__ACTIVITY__: Leaving out every picture, copy the lines of the material below exactly, from the line containing "进入战斗选中玩家会出现总四个" through the line containing "Number of shoots per rooted".

__DATA LISTING__:
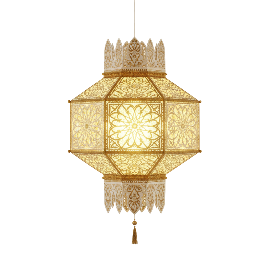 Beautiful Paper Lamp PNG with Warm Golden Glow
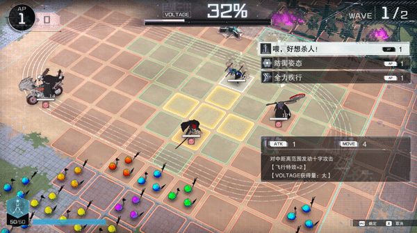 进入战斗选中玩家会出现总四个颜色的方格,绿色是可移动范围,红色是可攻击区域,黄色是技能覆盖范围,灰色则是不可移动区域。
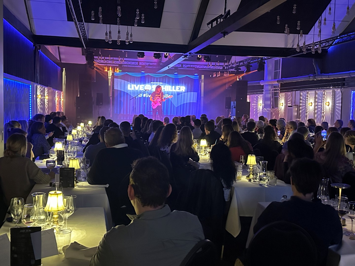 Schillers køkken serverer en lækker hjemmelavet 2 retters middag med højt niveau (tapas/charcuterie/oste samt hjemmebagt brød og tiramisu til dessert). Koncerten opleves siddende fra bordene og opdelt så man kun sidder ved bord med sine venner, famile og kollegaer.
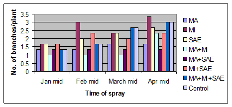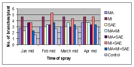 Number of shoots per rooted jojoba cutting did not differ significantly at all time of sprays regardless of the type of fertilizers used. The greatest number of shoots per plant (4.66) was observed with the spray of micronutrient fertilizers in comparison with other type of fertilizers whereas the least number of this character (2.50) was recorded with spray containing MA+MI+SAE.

==

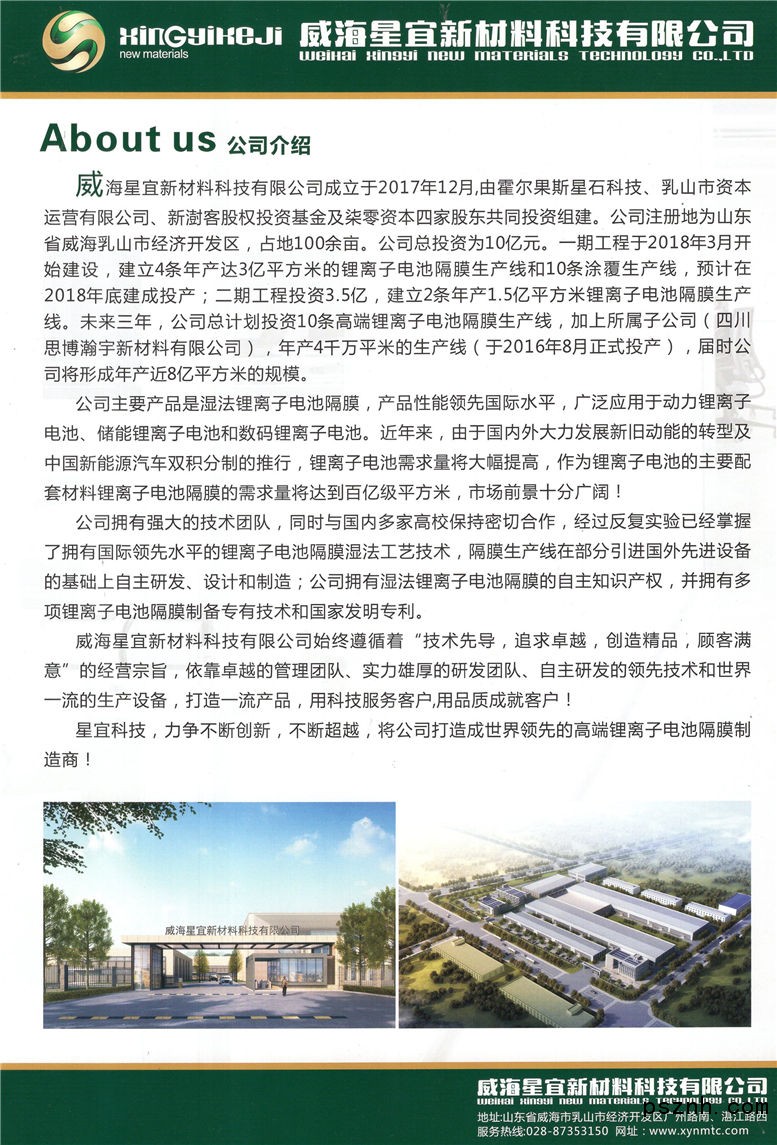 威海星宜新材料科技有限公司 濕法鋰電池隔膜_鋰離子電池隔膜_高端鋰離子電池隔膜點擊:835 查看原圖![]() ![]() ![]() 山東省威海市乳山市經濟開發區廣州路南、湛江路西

__THE COMPLETED TASK__:
 进入战斗选中玩家会出现总四个颜色的方格,绿色是可移动范围,红色是可攻击区域,黄色是技能覆盖范围,灰色则是不可移动区域。
 Schillers køkken serverer en lækker hjemmelavet 2 retters middag med højt niveau (tapas/charcuterie/oste samt hjemmebagt brød og tiramisu til dessert). Koncerten opleves siddende fra bordene og opdelt så man kun sidder ved bord med sine venner, famile og kollegaer.
 Number of shoots per rooted jojoba cutting did not differ significantly at all time of sprays regardless of the type of fertilizers used. The greatest number of shoots per plant (4.66) was observed with the spray of micronutrient fertilizers in comparison with other type of fertilizers whereas the least number of this character (2.50) was recorded with spray containing MA+MI+SAE.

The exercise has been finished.